Блондинка медленно подошла поближе и заглянула в коробочку.
— Он.
— Тот, что мы искали, да?
— Это тот самый камень. Алмаз Шань-бао. Камень Желтого Императора.
— Краси-ивый.
Они тяжело дышали, вполголоса матюгались от восторга и перебирали толстыми ногами.
— А почему у него форма такая… Странная… Как будто череп…
— Трупным ядом разъело.
— Да?
— Этот камень шестьсот лет пролежал во рту у покойника.
— Иди ты!
— Это длинная история. Но зато интересная. Рассказать?
Блондинка полезла в карман куртки за сигаретами.
— Расскажи.
— Хорошо. Сейчас расскажу.
Жасмин закурила, выпустила струю дыма и начала говорить. У нее был скучный голос университетского лектора.
— Этому камню две с половиной тысячи лет. Китайцы называют его Шань-бао — «Череп императора» — и боятся как огня. Это один из самых крупных и самый древний бриллиант на планете.
Его история началась за семьсот лет до Рождества Христова, когда на приисках в джунглях Индокитая его нашел безымянный раб. Тогда этот камень был больше, он весил почти сто граммов и его еще не называли этим именем.
Чтобы вынести алмаз с прииска, раб всадил нож себе в бедро, засунул алмаз внутрь раны и только так смог преодолеть все линии охраны прииска. Три года камень пролежал под досками пола в его хижине, а затем раб сбежал, добрался до Шанхая и предложил камень скупщикам краденого.
Скупщики заманили раба в гавань и той же ночью утопили его. А камень был вскоре продан за двадцать тысяч юаней поставщикам императорского двора. Всего через месяц убийца раба был найден повесившимся. На собственной косе…
Девушка докурила, бросила сигарету, раздавила ее ногой.
— Желтый Император Цинь-Ши хуан-ди влюбился в алмаз сразу, как увидел его. Он велел придать ему соответствующую размеру огранку и шлифовку.
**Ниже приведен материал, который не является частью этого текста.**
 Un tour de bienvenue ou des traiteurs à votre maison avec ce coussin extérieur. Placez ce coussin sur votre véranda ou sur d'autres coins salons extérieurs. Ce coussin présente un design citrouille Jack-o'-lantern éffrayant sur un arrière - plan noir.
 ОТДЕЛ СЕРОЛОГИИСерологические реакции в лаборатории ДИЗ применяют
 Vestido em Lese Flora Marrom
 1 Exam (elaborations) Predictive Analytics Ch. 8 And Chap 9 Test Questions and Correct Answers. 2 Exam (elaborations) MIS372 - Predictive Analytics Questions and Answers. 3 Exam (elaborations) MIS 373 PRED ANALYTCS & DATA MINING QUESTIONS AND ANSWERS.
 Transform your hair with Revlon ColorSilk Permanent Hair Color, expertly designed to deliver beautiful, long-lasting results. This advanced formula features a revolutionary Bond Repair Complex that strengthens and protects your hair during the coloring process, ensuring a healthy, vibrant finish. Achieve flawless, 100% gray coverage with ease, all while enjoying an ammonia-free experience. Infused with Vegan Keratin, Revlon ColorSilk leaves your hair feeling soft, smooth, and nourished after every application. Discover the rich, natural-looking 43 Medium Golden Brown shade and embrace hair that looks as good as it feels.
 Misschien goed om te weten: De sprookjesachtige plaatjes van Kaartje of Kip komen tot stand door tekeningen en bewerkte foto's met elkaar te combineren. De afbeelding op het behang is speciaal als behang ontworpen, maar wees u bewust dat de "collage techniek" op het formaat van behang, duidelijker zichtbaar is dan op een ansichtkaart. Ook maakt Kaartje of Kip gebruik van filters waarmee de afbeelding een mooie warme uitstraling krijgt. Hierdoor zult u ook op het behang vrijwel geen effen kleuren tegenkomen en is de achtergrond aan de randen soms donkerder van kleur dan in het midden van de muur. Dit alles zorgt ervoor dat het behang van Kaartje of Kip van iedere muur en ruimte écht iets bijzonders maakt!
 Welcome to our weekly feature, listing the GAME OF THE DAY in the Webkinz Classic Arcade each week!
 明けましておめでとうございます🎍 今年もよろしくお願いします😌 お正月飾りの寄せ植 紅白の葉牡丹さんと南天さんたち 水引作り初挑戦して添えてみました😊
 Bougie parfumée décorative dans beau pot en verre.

После этого камень потерял в весе почти половину, но даже мелкие осколочки были оценены в сто сорок четыре тысячи юаней. По тогдашнему курсу это двадцать — двадцать пять миллионов долларов.
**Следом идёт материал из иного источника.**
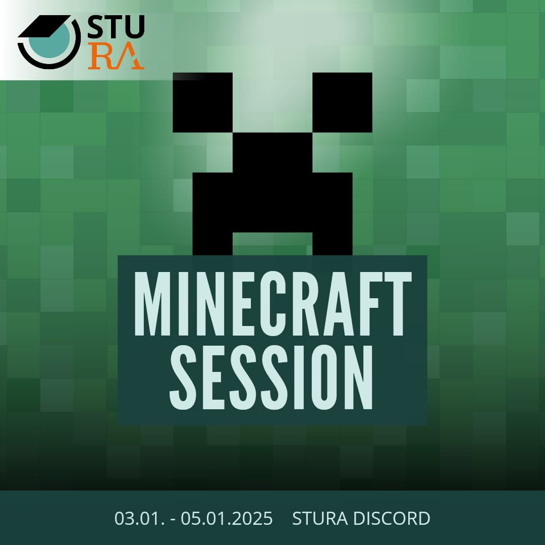 Sie sind hier: Startseite / Studentinnenrat / Referate / Referat Öffentlichkeitsarbeit / Bereich Publikationen / Newsletter / 2025 / Newsletter Januar 2025 / Minecraft Vanilla Session Newsletter 2025-01
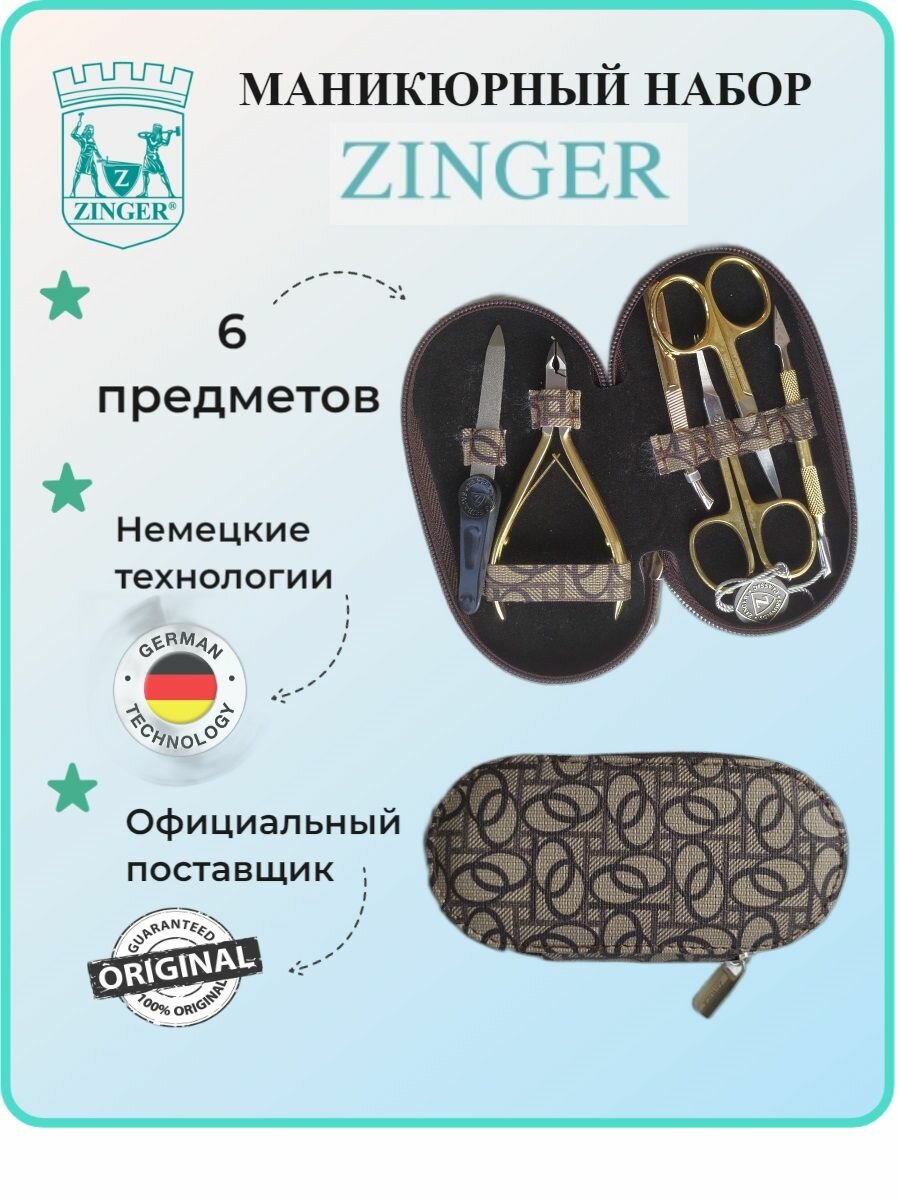 Маникюрный набор Zinger 7104, 6 предметов, серебристый/коричневый лофт

Император Цинь-Ши правил Китаем долго и похоронен был с почестями. В день похорон вокруг могилы Желтого Императора живьем закопали в землю почти сорок тысяч рабов и рабынь. А камень император завещал положить себе, мертвому, в рот.
Говорят, живьем закопанные рабы умирали долго и мучительно. Земля вокруг могилы шевелилась несколько недель. И все это время рабы проклинали своего беспощадного господина.
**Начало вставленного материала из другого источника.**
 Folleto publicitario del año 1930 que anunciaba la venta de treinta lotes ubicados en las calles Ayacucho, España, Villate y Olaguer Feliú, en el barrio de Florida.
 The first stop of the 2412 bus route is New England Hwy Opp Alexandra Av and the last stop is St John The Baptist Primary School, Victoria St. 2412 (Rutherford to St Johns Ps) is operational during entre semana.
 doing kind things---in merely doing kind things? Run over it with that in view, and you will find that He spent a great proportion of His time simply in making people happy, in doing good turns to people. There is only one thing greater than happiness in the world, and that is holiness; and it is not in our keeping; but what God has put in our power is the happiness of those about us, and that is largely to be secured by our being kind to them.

От этих проклятий тело Желтого Императора пропиталось жуткими ядами, от которых нет противоядий. Яды были столь сильны, что смогли разъесть даже алмаз. Китайцы считают, что камень проклят и каждый, кто дотрагивается до него, обречен. Недаром у камня такая странная форма: форма мертвой человеческой головы.
— Интересное, блин, кино.
— Да? В следующий раз камень всплыл только через шестьсот лет. В смутную эпоху Пяти Воюющих Династий на границе задержали караванщиков, пытавшихся вывезти Шань-бао за пределы Империи. На допросе они показали, что купили камень у семьи Фан — знаменитой династии осквернителей могил. Караванщиков четвертовали на месте. А алмаз был отправлен в императорскую сокровищницу.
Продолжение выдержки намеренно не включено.